Retinal Microscotomas Revealed with Adaptive-Optics Microflashes

To develop a sensitive psychophysical test for detecting visual defects such as microscotomas. Frequency-of-seeing curves were measured with 0.75' and 7.5' spots. On each trial, from 0 to 4 stimuli were randomly presented at any of eight equally spaced loci 0.5 degrees from fixation. By correcting the aberrations of the eye, adaptive optics produced retinal images of the 0.75' spot that were 3.0 microm wide at half height, small enough to be almost entirely confined within the typical cone diameter at this eccentricity. Data were collected from a patient with deuteranopia (AOS1) whose retina, imaged with adaptive optics, suggested that approximately 30% of his cones were missing or abnormal. Patients with protanomalous trichromacy (1 subject), deuteranopia (1 subject), and trichromacy (5 subjects) served as controls (all had normal cone density and complete cone mosaics). Psychophysical results were modeled by a Monte Carlo simulation incorporating measured properties of the cone mosaic.
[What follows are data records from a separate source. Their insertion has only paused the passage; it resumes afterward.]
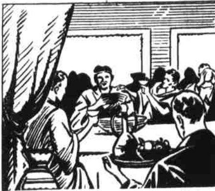
"When thy herds and flocks multiply, and thy silver and thy gold is multiplied, and all that thou hast is multiplied, then perchance thou wilt forget the Lord thy God."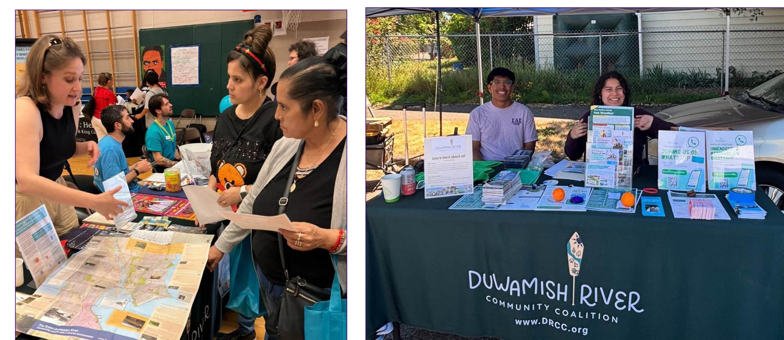
The project team engaged South Park residents at community events, to educate neighbors on the root causes of flooding and to gather feedback on possible flood adaptation strategies.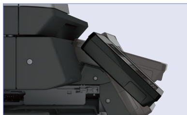
Pivoting Touchscreen offers the viewing angle for any use instantly.

Frequency-of-seeing curves for AOS1 obtained with 0.75' spots showed lower asymptote, slope, and sensitivity than for controls. The 7.5' results showed that these differences were the result of the small spot size, which on some trials was confined mostly to the locus of the putatively missing cones. A two-parameter model satisfactorily described the data and was highly sensitive to the proportion of missing cones simulated. Adaptive-optics microperimetry is a powerful psychophysical test for assessing the loss of neural elements, even in retinas that appear otherwise normal in standard clinical tests. This technique may prove useful in estimating the proportion of missing cones in different patients and in detecting other visual losses such as those associated with glaucoma.